Rutgers Day Programming Changes

Karima Bennoune, associate professor of law at the School of Law–Newark, received the Derrick A. Bell Jr. Award from the Section on Minority Groups of the Association of American Law Schools. The award, named in honor of the first tenured African-American on the Harvard Law School faculty, recognizes a junior faculty member who – through activism, mentoring, colleagueship, teaching, and scholarship – has made an extraordinary contribution to legal education, the legal system, or social justice. Bennoune’s teaching, research, and advocacy interests are in the areas of human rights, women’s rights, and international law and terrorism. She received a bachelor’s degree in history and semiotics from Brown University and graduated from a joint program in law and Middle Eastern and North African studies at the University of Michigan, earning a J.D. from the law school and her master’s from the Rackham Graduate School in Women’s Studies.

Focus: What led you to your career as a law professor and your focus on international human rights and women’s rights?

Bennoune: One of the most important sources of my interest in human rights was the life experience of my late father, Dr. Mahfoud Bennoune. Born into a large peasant family in Algeria, at the time a French colony, he had no formal education. As a young man, he spent five years as a prisoner-of-war during Algeria’s war of independence, surviving torture by the French Army. After his release, he studied at some of the best universities in the world and, ultimately, became a professor of anthropology at the University of Algiers, where I spent part of my childhood. From him I learned the imperative of engaging with what is happening to others in the society and world around you.  I was motivated to work for women’s equality by one my maternal grandmother, Mary Elizabeth Sutton, who died in November at the age of 101. She earned a master’s degree from Ohio State University during the 1920s and became a teacher. She then had to delay marriage for 10 years because she had a job and her fiancé, my grandfather, did not. As a married woman, she could not have kept her job during the Depression. She remained a teacher off and on for the rest of her life in official and unofficial ways. I was lucky to have her inspiring example of supremely capable womanhood. When I accepted the Bell Award, I dedicated it to the memory of these two brilliant educators, one American and one Arab, who always reminded me not to take my opportunities to learn and to teach for granted.

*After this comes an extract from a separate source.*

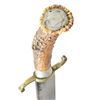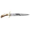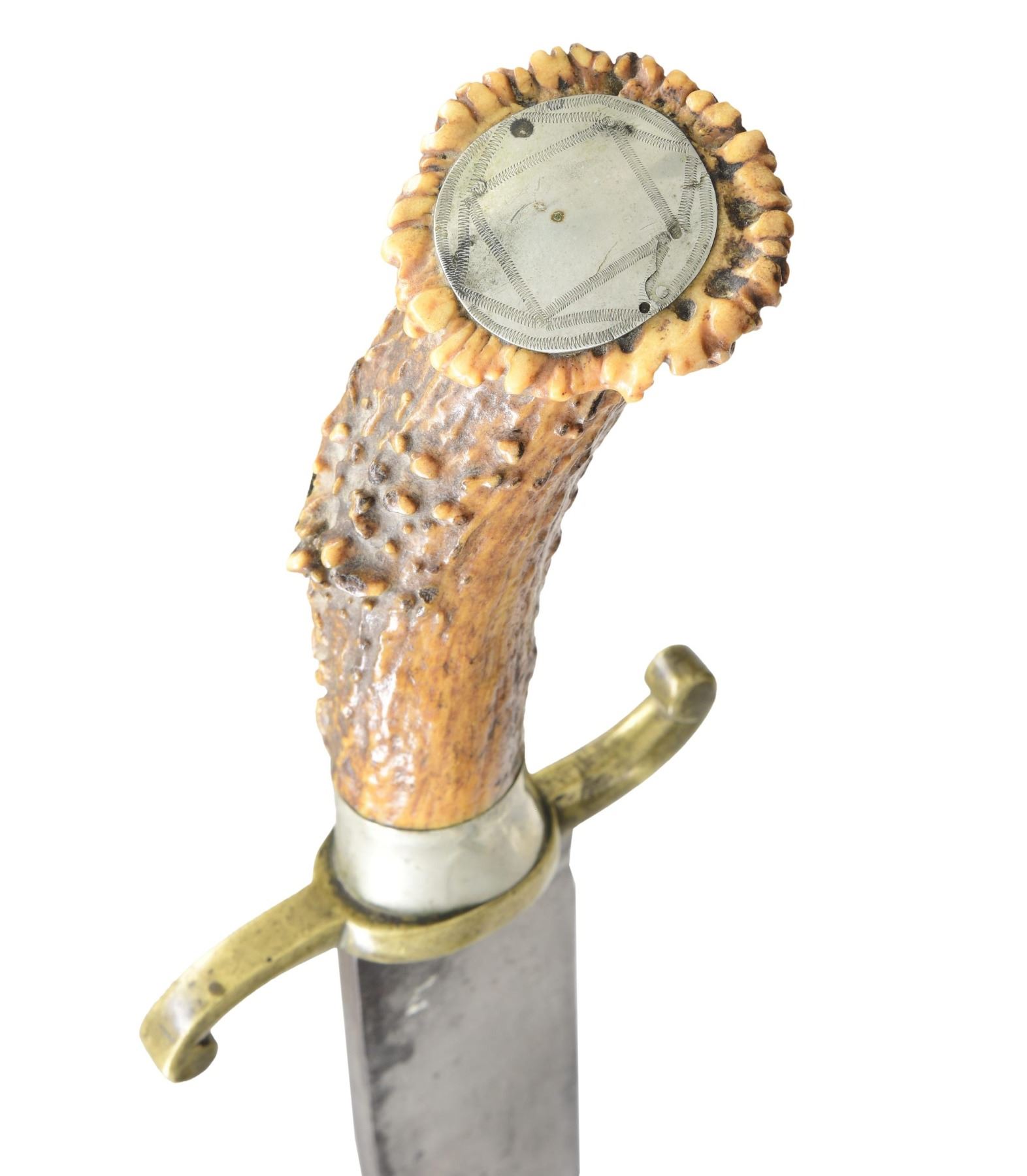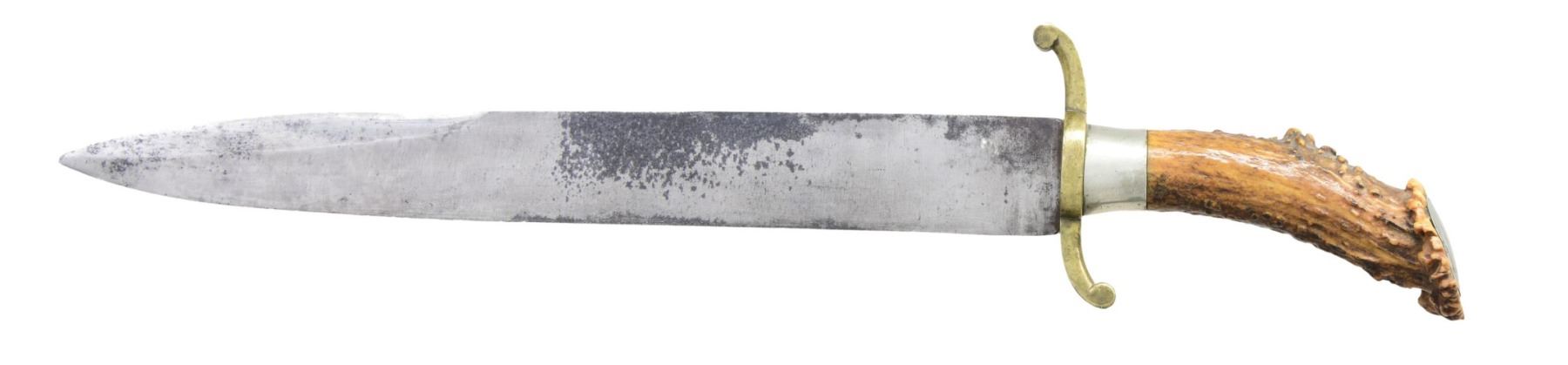KNIFE. 18.5" overall, 13" spear point blade, saber ground, 5.5" top edge sharpened at point, .31" thick. Unusual mix of 4" brass "S" cross guard, 1" tapered German silver ferrule, engraved German silver pommel cap & vacant lozenge shaped escutcheon pinned on carved crown stag handle. This unique knife is pictured on pictured on page 239 of James R. Johnston's "ACCOUTREMENTS IV". CONDITION: very good overall, blade has staining, dark area of light pitting. PROVENANCE: James R. Johnston collection. (02-23246/JS). NON-GUN. $5,000-6,000.

Focus: As a secularist Arab-American law professor who has been critical of both racist discourses on fundamentalism and the dangers of religious fundamentalism itself, do you find it possible to maintain a sense of idealism in the current global climate?

Bennoune: So many people are dying on the front lines of these conflicts; I feel a strong obligation to be an optimist. What I teach my international law students is both the pessimistic reality that has been created by extremism on all sides as well as a sense of responsibility to think more successfully than our generation has about human rights and conflict resolution.

Focus: You’re are a board member of Amnesty International – USA, have been a consultant to the United Nations Educational, Scientific and Cultural Organization, and have traveled on human rights field missions to Afghanistan, Bangladesh, Lebanon, Pakistan, South Korea, southern Thailand, and Tunisia. How do these activities inform your teaching?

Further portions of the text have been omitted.